[Records for processing]

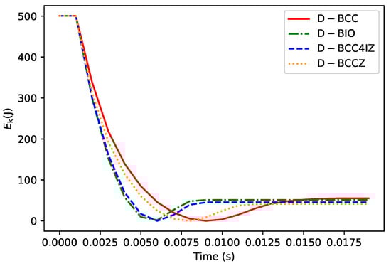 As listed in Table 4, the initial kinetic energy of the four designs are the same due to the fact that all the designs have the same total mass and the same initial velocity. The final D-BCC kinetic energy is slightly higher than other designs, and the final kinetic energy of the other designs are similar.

[/Records for processing]
[Records for processing]

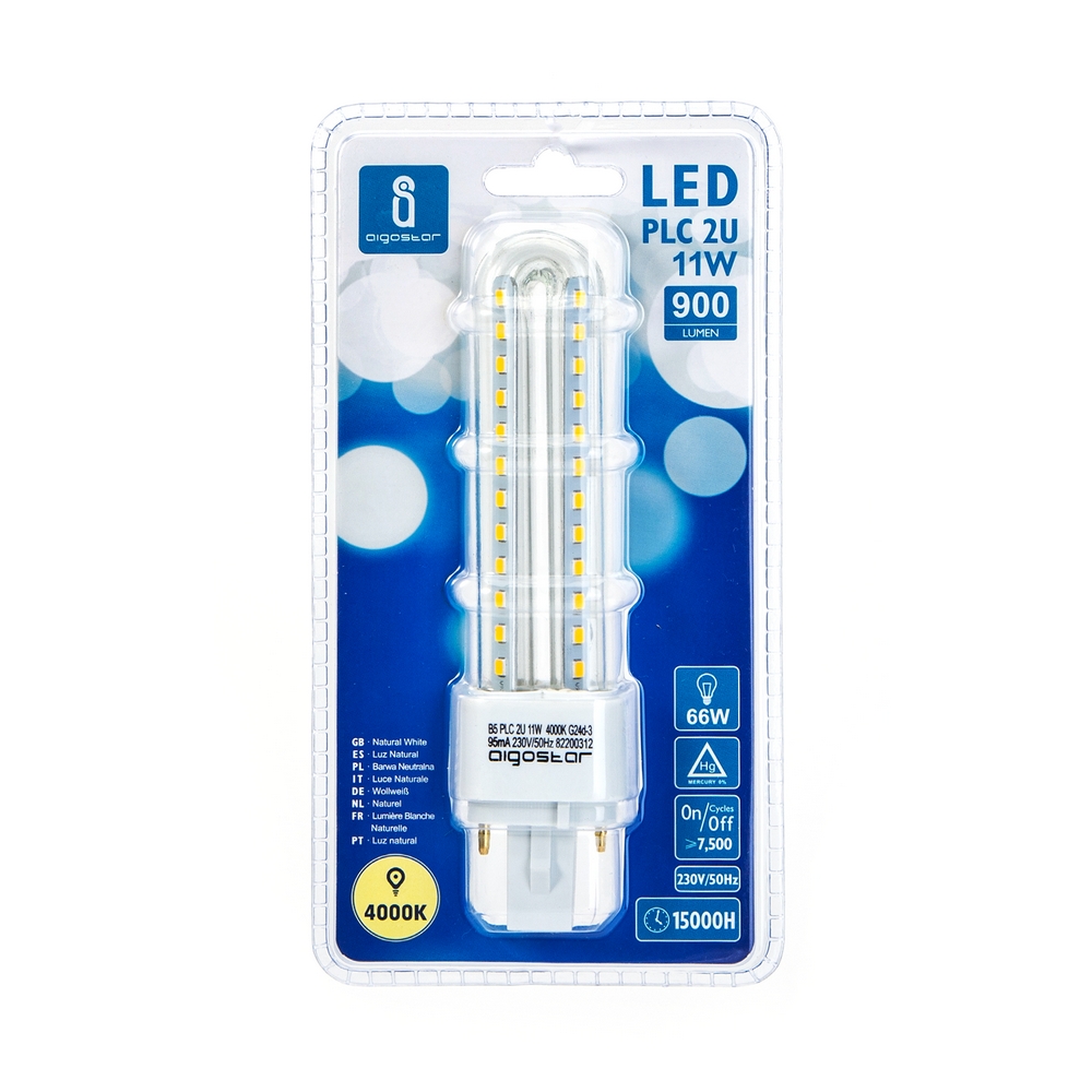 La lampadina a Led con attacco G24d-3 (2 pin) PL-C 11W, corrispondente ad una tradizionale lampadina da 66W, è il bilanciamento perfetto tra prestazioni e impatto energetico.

[/Records for processing]
[Records for processing]

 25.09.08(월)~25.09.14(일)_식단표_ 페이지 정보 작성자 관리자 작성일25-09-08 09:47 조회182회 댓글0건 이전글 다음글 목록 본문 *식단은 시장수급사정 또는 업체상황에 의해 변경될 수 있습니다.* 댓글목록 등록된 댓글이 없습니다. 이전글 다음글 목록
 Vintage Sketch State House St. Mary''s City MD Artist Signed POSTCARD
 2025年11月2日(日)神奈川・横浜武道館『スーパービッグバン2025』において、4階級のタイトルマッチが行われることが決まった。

[/Records for processing]

| The problem |
Output the lines above exactly, but only those between the line holding "25.09.08(월)~25.09.14(일)_식단표_ 페이지 정보" and the line holding "2025年11月2日(日)神", inclusive.

| Exercise output |
 25.09.08(월)~25.09.14(일)_식단표_ 페이지 정보 작성자 관리자 작성일25-09-08 09:47 조회182회 댓글0건 이전글 다음글 목록 본문 *식단은 시장수급사정 또는 업체상황에 의해 변경될 수 있습니다.* 댓글목록 등록된 댓글이 없습니다. 이전글 다음글 목록
 Vintage Sketch State House St. Mary''s City MD Artist Signed POSTCARD
 2025年11月2日(日)神奈川・横浜武道館『スーパービッグバン2025』において、4階級のタイトルマッチが行われることが決まった。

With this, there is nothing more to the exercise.